Brad – BUYING. A severe case of Francophobia has afflicted thousands in Fantasyland. It’s unwarranted. Everyone’s favorite “Frenchy” shouldn’t fall outside the position’s top-36 in drafts. Period.
Brian Hoyer is a competent passer who was shockingly pinpoint (67.0 completion percentage in ’16) before a broken forearm prematurely ended his season with Chicago. Garcon, who still runs crisp routes and owns sticky hands (Zero drops in ’16), is sure to be the object of Hoyer’s affection. Don’t be surprised if the wideout lures 22-25 percent of the target share, accomplishing much of that work in the short-to-intermediate field.
In the end, Garcon’s TD total may not titillate, but he’ll be a heartthrob in PPR leagues. Pencil me in for a final line around 85-1090-5. Outside Cameron Meredith, there isn’t a better wide receiver value buy on the market (Garcon ADP: 76.2, WR38).
Liz – BUYING. In Kyle Shanahan’s second year as OC in Washington, when healthy for a full 16-game slate, Garcon produced a 113-1,346-5 stat line, placing him just outside of the top-twelve fantasy producers at the WR position. For the past two seasons he’s managed WR3 stats, averaging between 11 and 12 fantasy points per contest. Noting Garcon’s familiarity with Shanahan, the lack of depth behind him, and Brian Hoyer’s good-enough-ness, there’s no reason to believe the vet won’t remain consistent for another season.
DUMPSTER DIVING. The unheralded Niner owners should willingly chase in the double-digit rounds of 12-team drafts is ________.
Liz – ALDRICK ROBINSON. Entering his fifth year in the league, Robinson played under Shanahan in Washington and Atlanta.

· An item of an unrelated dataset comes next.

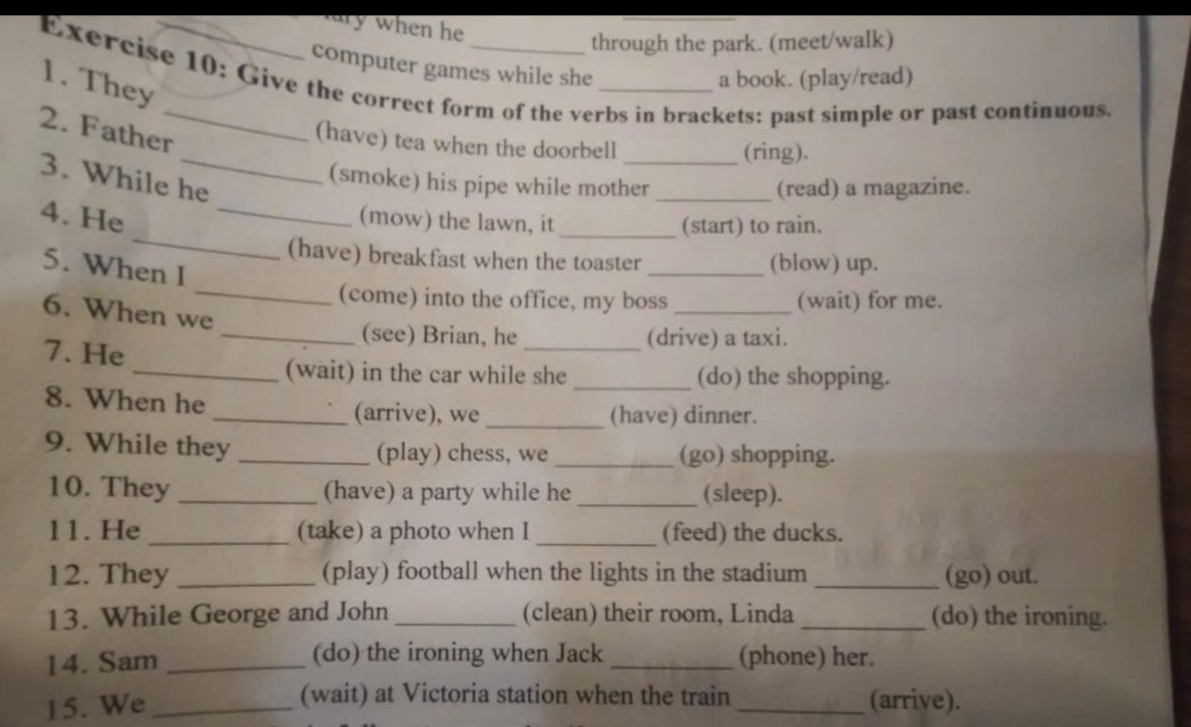 - When + quá khứ tiếp diễn ( S + was/were + V-ing ), quá khứ đơn ( S + V2/V-ed )

Ironically, he scored his first career TD in 2012, after subbing in for Garcon when the starter went out with a foot injury. A gutty player with 4.3 speed, Robinson comps similarly to Taylor Gabriel, who shone in Shanahan’s system last season.
Clearly a fan of his skill set, the 49ers new HC figures to find a role for the speedster. His progress over the summer must be monitored closely, as he has a solid shot of lining up as the team’s No. 2 WR come September.
Brad – BRUCE ELLINGTON. The overlooked target was a fixture on deep sleeper lists prior to the 2016 season. However, a torn hamstring quickly eliminated any shot at a breakout. Still working his way back from the devastating setback, he’s in line to start opposite Garcon, provided his legs don’t spontaneously combust. He missed time in OTAs, but, as his advanced physical metrics indicate, he possesses intriguing baseline attributes. Get healthy and impress in training camp and Ellington could flirt with 55-60 receptions this fall. It’s not like Marquis Goodwin, Jeremy Kerley and rookie Trent Taylor present fearsome competition. Monitor the dark horse’s progress.